132. Twist showing off my house to showing intimate photos and loose ccb are what Cantonese dogs sons of prostitutes @Balls2U @JurongEast@sbfuncle 小人 behavior
Just like the screws in her head. All loose. Her ccb also very loose.
hope u fall off ur balcony instead... chow lau chee... pui !
This chow lau chee is not fit to be a human being.
I saw brown spots there
女人的房子不可以给男人看的
@LaoHongBiscuit @NanoSpeed @Ralders correct ?
@ginfreely is crazy.
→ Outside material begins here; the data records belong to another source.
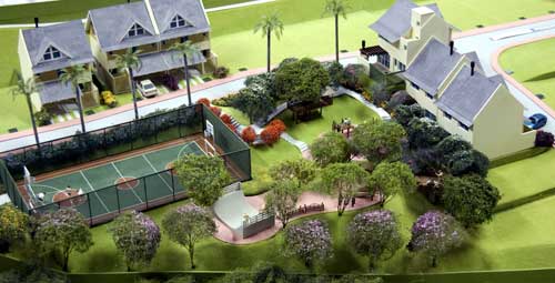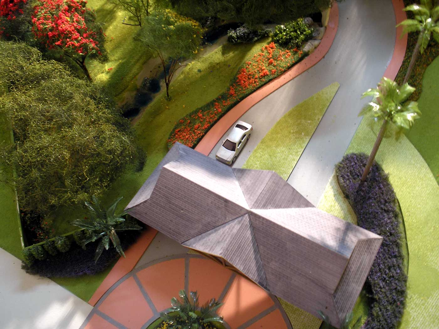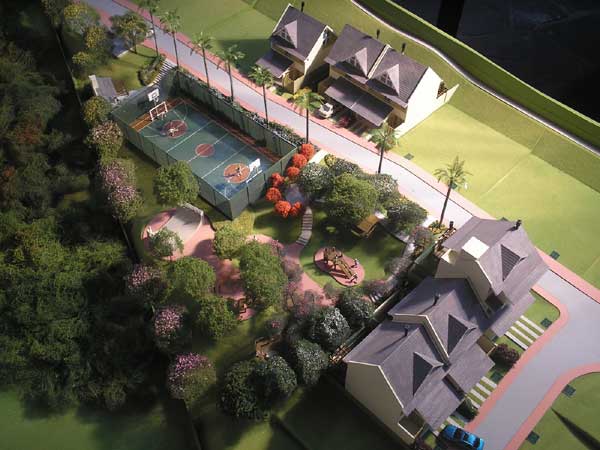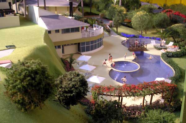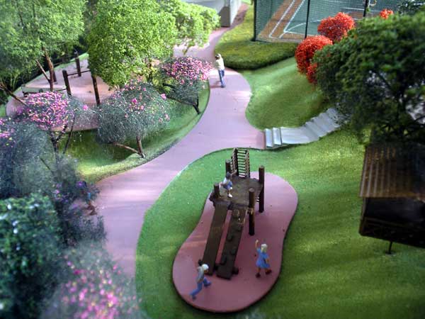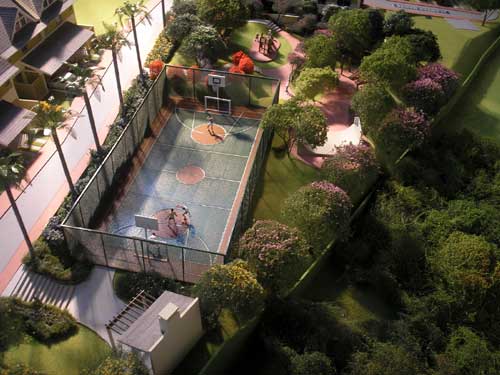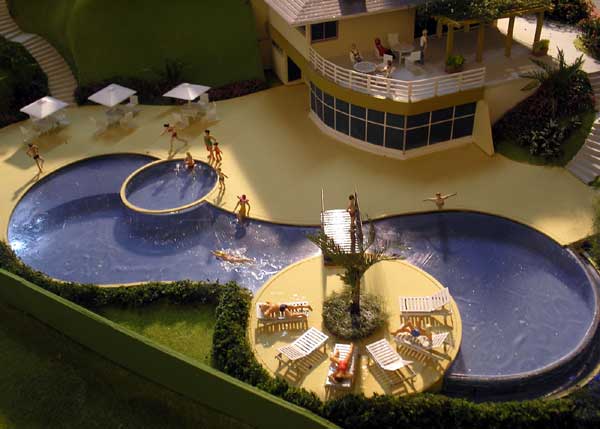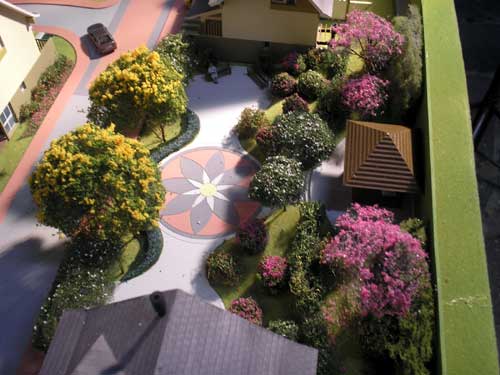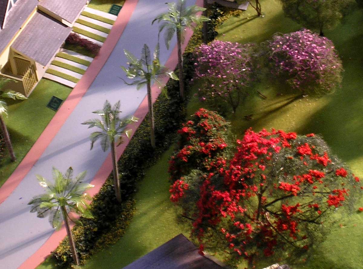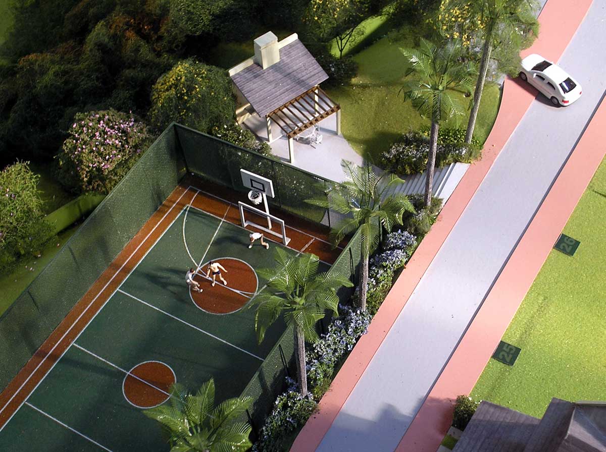 Proprietário: FamCorp Projeto: Jonas Schiaffino,arquitetos paisagismo: Takeda,arquitetos paisagistas casario,clube,administração,praças,matas,lotes. Dimensões:440x165 cm Materiais empregados:pvc expandido,poliestireno,pvc,acrílico. Base :PVC. Texturas moldadas:TP-87 (Telha plana) Agua:Resina e pvc. Mesa de aço: Serralheria Adilson. Vegetação:moldada com espuma e flocagem estática.
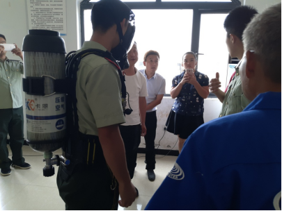 培訓中,通過理論講解、現場示范、手把手教學等多種方式,消防官兵耐心地為每位參訓員工講解空氣呼吸器正確佩戴使用方法。大家積極參與、認真學習、實時提問,逐步掌握了救生器材的使用技巧。
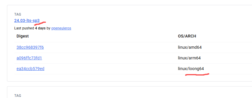 然后dockerhub上只有sp3的docker镜像有linux/loong64架构镜像
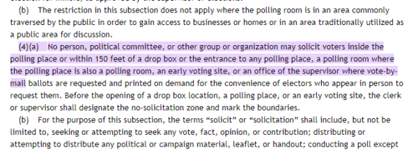 An excerpt from Florida Statute 102.031 – Maintenance of good order at polls; authorities; persons allowed in polling rooms and early voting areas; unlawful solicitation of voters.—
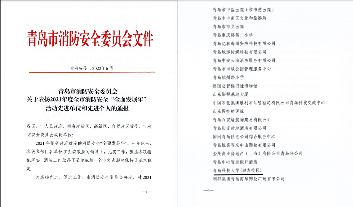 日前,青岛市消防安全委员会发布了《关于表扬2021年度全市消防安全“全面发展年”活动先进单位和先进个人的通报》,学校四方校区荣获先进单位荣誉称号,王佐林同志获评先进个人。
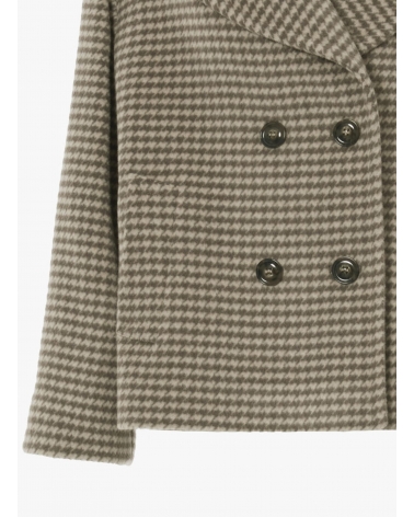 Cappotto corto doppio petto oversize taupe scuro in pura lana con fantasia pied de poule
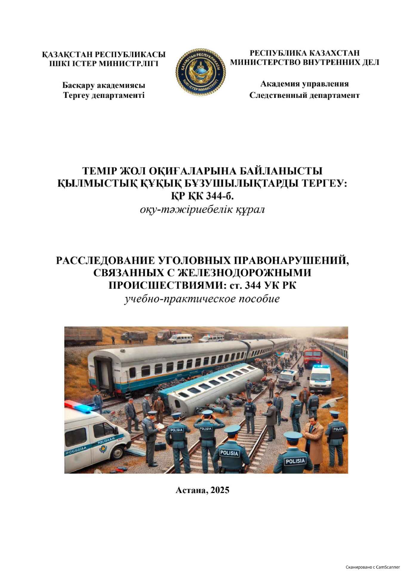 Учебно-практическое пособие по теме: «Расследование уголовных правонарушений, связанных с железнодорожными происшествиями: статья 344 УК РК».

She said men here are very bad but she still come to this forum to show us her intimate photos
eat meat better
活该 lor
Loose ccb that let people see and show intimate photo 活该is your cheap sell nude sell cb to buy Porsche women Pui!
 
View attachment 209908

this chow lau chee really kee toa siao.
There is a imaginary window there one.
LOL
Scary this chow lau chee doing many ting tong things.
Since she claimed there is a window there, who knows she could have installed a fake window there or worst a glory hole.
Am eating chicken for dinner.
Chicken is your loose ccb sell nude sell cb women Pui!